Home
In Vlaanderen is er een groeiend aantal initiatieven van ouders die voor hun kinderen met een beperking een kleinschalige, collectieve woonvorm en/of dagbesteding willen uitbouwen. De eigen regie voeren over deze projecten is hierbij fundamenteel.
Deze initiatieven hebben zich verenigd in het Platform Ouderprojecten, met de volgende drie doelstellingen:
- Het promoten van kleinschalige, solidaire ouderinitiatieven voor vraaggestuurde woon- en dagbestedingsvormen.
- Als gesprekspartner de belangen verdedigen tegenover de overheden en het middenveld om een kader te verwezenlijken waarin dergelijke ouderinitiatieven zich duurzaam kunnen ontwikkelen.
- Het aanbieden van een platform waar ouders, het persoonlijk netwerk, vrijwilligers en personeel ervaring en kennis kunnen uitwisselen.
Als leden van dit platform zijn we niet alleen verbonden door deze doelstellingen, we delen ook enkele belangrijke waarden die ons inspireren en ons sterker maken.
Positiviteit: wij willen aanvullend andere woon- en dagbestedingsvormen creëren voor onze kinderen met een beperking.
Solidariteit: we gaan ervan uit dat solidariteit binnen een kleinschalige collectiviteit de vermaatschappelijking van de zorg haalbaar maakt.
Inclusiviteit: we zien voor onze kinderen een continuiteit in hun maatschappelijke omgeving waar wij geleidelijk aan kunnen uitstappen.
Duurzaamheid: we streven naar structuren met een robuuste financiering die de initiatiefnemers kunnen overleven.
De context
In de periode 2016-2017 ondergaat de gehandicaptensector een ware omwenteling met de invoering van de Persoonsvolgende Financiering. Heel wat aandacht gaat naar het financiële luik van deze hervorming.
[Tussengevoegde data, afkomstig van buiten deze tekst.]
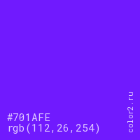 Цвет #701AFE в цветовой модели RGB обозначается тремя октетами (112, 26, 254) в десятичном формате и #701AFE в шестнадцатиричном (hex) формате, которые являются интенсивностью красного 112 (hex 70), интенсивность зелёного 26 (hex 1A) и интенсивность синего 254 (hex FE).

Maar niet minder belangrijk zijn andere kerngedachten zoals de vermaatschappelijking van de zorg, de inclusieve gedachte, de zorg op maat en het empoweren van de personen met een beperking.
In het verlengde van die kerngedachten heeft de Vlaamse overheid aan de ouderprojecten een juridische basis gegeven middels het Besluit van de Vlaamse Regering van 25 april 2016.
Concreet gaat het over VZW's die de zorg collectief organiseren voor hoogstens 15 personen met een beperking, waarbij de ouders of de familie tot de tweede graad de meerderheid hebben in de organen van de VZW.